Though this was a revolutionary understanding of the body, Léger nevertheless wanted his figures to be in dialogue with those of his art historical predecessors. Following the armistice, the Louvre along with other Parisian museums and galleries had started to reexhibit works that had been put in storage during the Great War, and exposure to these paintings encouraged Léger to contend with the long history of figural representation. Even as Paul Cezanne’s bathers and Pierre-Auguste Renoir’s volumetric nudes provided a persuasive model for a modern depiction of the body, Léger cast his eye further back, and his women became sculptural and caryatid-like. The protagonist of Femme portant une statuette is heavily modelled and has been presented frontally to resemble the figures populating ancient Roman mosaics, which Léger would have seen illustrated in Ozenfant and Le Corbuiser’s periodical, L’espirt Nouveau (C. Green, “‘Mass-Produced’ Classics, 1920-1930,” in Modern Antiquity: Picasso, De Chirico, Léger, Picabia, exh. cat., The J. Paul Getty Museum, Los Angeles, 2011, p. 95). Likewise, the vivid yellow statue his protagonist holds directly references portrait busts from antiquity. Together, the two appear to have been carved directly from the same stone block.

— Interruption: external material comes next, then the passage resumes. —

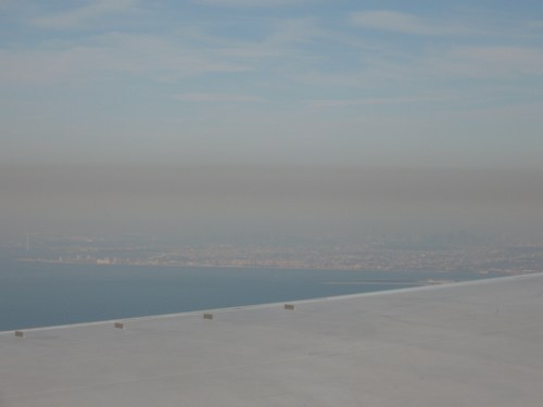 Deze dag is ook nog eens Haloween in Amerika. Eén van de stewardessen had zich op het eind van de vlucht al een beetje verkleed, maar toen we naar de bus liepen kwamen er een aantal jongelui voorbij, waarvan de voorste een een nepbaard had en was gekleed als jood, riep hij iets van: "Attention, Rabby passing by!"

Despite his time traveling eye, Léger’s loyalty remained to the present world, its machines and developments, hardships and great delights. Drawn to the elegance of the manufactured object, he made this the lens through which he gazed upon his surroundings and transformed what he saw. “The subject in painting had already been destroyed, just as avant-garde film had destroyed the story line,” he said. “I thought that the object, which had been neglected and poorly exploited, was the thing to replace the subject” (quoted in op. cit., London, 1973, p. 87).